Now in the above statement I have specified that the jpaDialect I am going to use is of Hibernate Variant of implementation for JPA and Spring needs to take this into consideration
while creating entityManagerFactory.

The way it is referred is as follows

<bean id="transactionManager" class="org.springframework.orm.jpa.JpaTransactionManager">
    <property name="entityManagerFactory" ref="entityManagerFactory"/>
    <property name="jpaDialect"  ref="jpaDialect"/>
</bean>

Why we need JPAVendorAdapter
EntityManagerFactory manages the lifecycle of the entities.Persistence Provider is the one which specifies the details about the database and connection details of the underlying database either by persistence-context.xml or by injecting instances of EntityManager using @PersistenceContext annotation.

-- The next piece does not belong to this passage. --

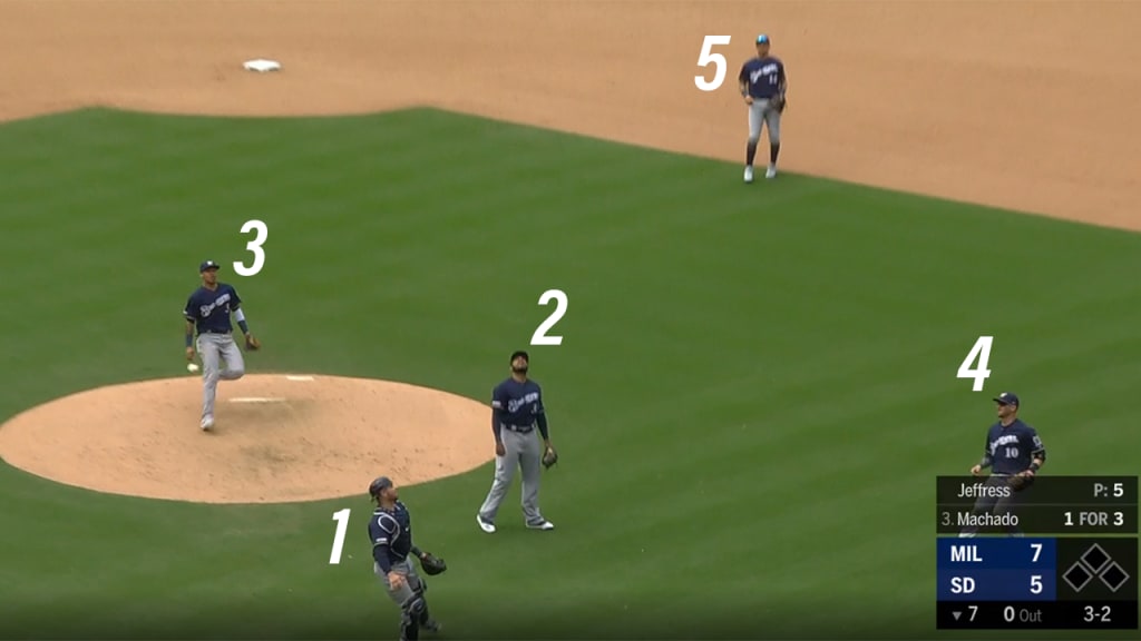 The visual part is because there were five different Brewers looking at this one with a chance to make the catch, and while this was obviously a case of simple miscommunication, that's still more than half the defense, and this one had a direct impact on the game.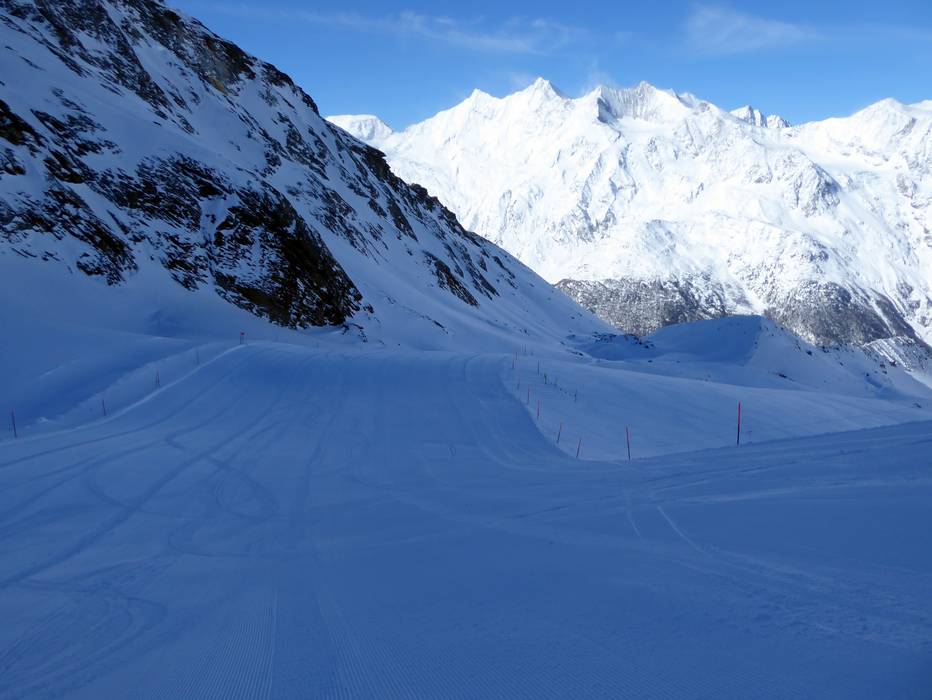 Een skiroute bevindt zich op de gletsjer en een andere skiroute leidt naar Saas-Balen.

JPAVendorAdapter helps to define the persistence context which is likely to be used.

Persistence-context.xml

  <persistence-unit name="MyPersistenceUnit" transaction-type="RESOURCE_LOCAL">
        <provider>org.hibernate.ejb.HibernatePersistence</provider>
        <non-jta-data-source>java:comp/env/jdbc/ooes_master</non-jta-data-source>
        <properties>
        	<property name="hibernate.dialect" value="org.hibernate.dialect.MySQL5Dialect"/>
        	<property name="hibernate.show_sql" value="true"/>
        	<property name="hibernate.hbm2ddl.auto" value="update"/>
            <property name="hibernate.cache.region.factory_class" value="net.sf.ehcache.hibernate.SingletonEhCacheRegionFactory"/>
            <property name="hibernate.cache.use_second_level_cache" value="true"/>
            <property name="hibernate.cache.use_query_cache" value="true"/>
        </properties>
 </persistence-unit>

If we want to inject instances of EntityManager using @PersistenceContext annotation, we have to enable annotation bean processor in Spring configuration

<bean class="org.springframework.orm.jpa.support.PersistenceAnnotationBeanPostProcessor" />

Usually this line is optional because a default PersistenceAnnotationBeanPostProcessor will be registered by the and XML tags.

getSingleResult() return detached or Managed Object
objects returned from .getResultList() are managed.When you made changes on the managed objects, you do not worry about merging as those changes will be picked up by the EntityManager automatically.The managed objects will become detached when the EntityManager that is used to load that object is close(), clear() or detach(). Detached objects are not manged anymore and you should do merging to let the EntityManager pick up the changes.